### Required work
Once the line with "Tas de bois mort" has been located in the records below, set down that line and all subsequent lines exactly, omitting the pictures.

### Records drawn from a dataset
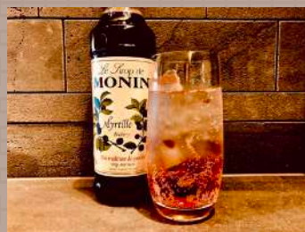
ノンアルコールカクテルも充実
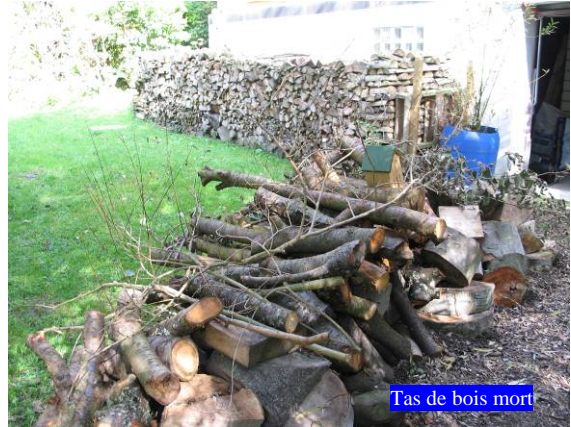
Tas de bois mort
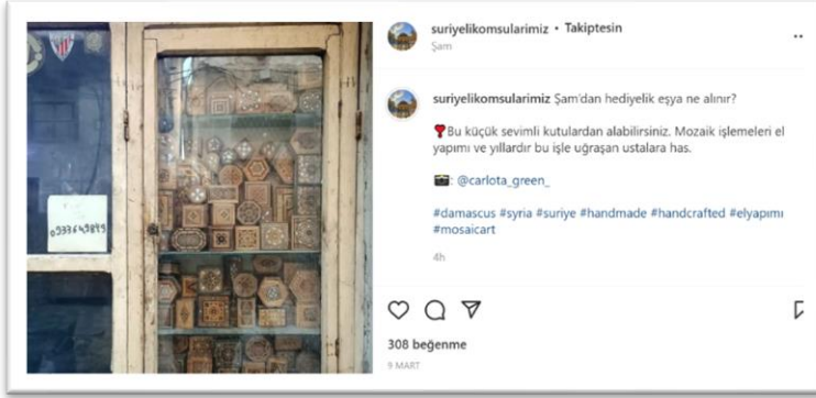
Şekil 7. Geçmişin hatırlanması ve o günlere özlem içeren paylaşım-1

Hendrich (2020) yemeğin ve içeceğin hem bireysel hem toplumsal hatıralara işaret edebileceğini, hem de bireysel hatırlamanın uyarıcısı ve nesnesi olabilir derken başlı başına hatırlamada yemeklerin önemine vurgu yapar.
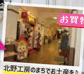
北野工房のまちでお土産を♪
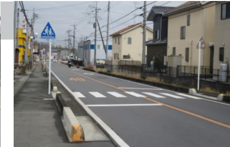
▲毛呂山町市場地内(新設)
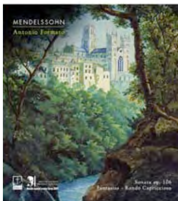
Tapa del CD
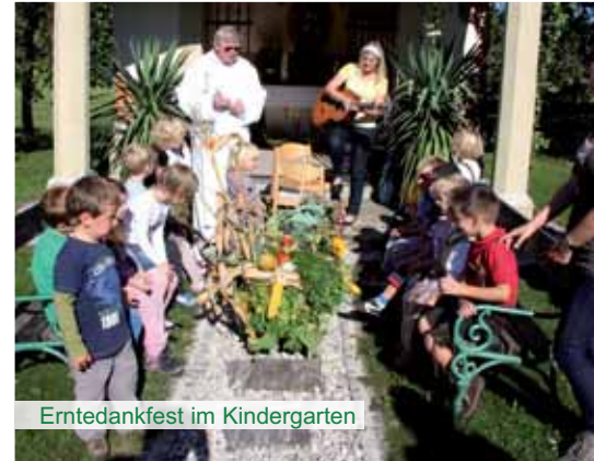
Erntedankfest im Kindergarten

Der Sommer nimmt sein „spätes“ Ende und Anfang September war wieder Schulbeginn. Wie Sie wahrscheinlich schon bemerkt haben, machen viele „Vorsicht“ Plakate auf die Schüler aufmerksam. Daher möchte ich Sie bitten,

### Answer for this exercise
Tas de bois mort
Şekil 7. Geçmişin hatırlanması ve o günlere özlem içeren paylaşım-1

Hendrich (2020) yemeğin ve içeceğin hem bireysel hem toplumsal hatıralara işaret edebileceğini, hem de bireysel hatırlamanın uyarıcısı ve nesnesi olabilir derken başlı başına hatırlamada yemeklerin önemine vurgu yapar.
北野工房のまちでお土産を♪
▲毛呂山町市場地内(新設)
Tapa del CD
Erntedankfest im Kindergarten

Der Sommer nimmt sein „spätes“ Ende und Anfang September war wieder Schulbeginn. Wie Sie wahrscheinlich schon bemerkt haben, machen viele „Vorsicht“ Plakate auf die Schüler aufmerksam. Daher möchte ich Sie bitten,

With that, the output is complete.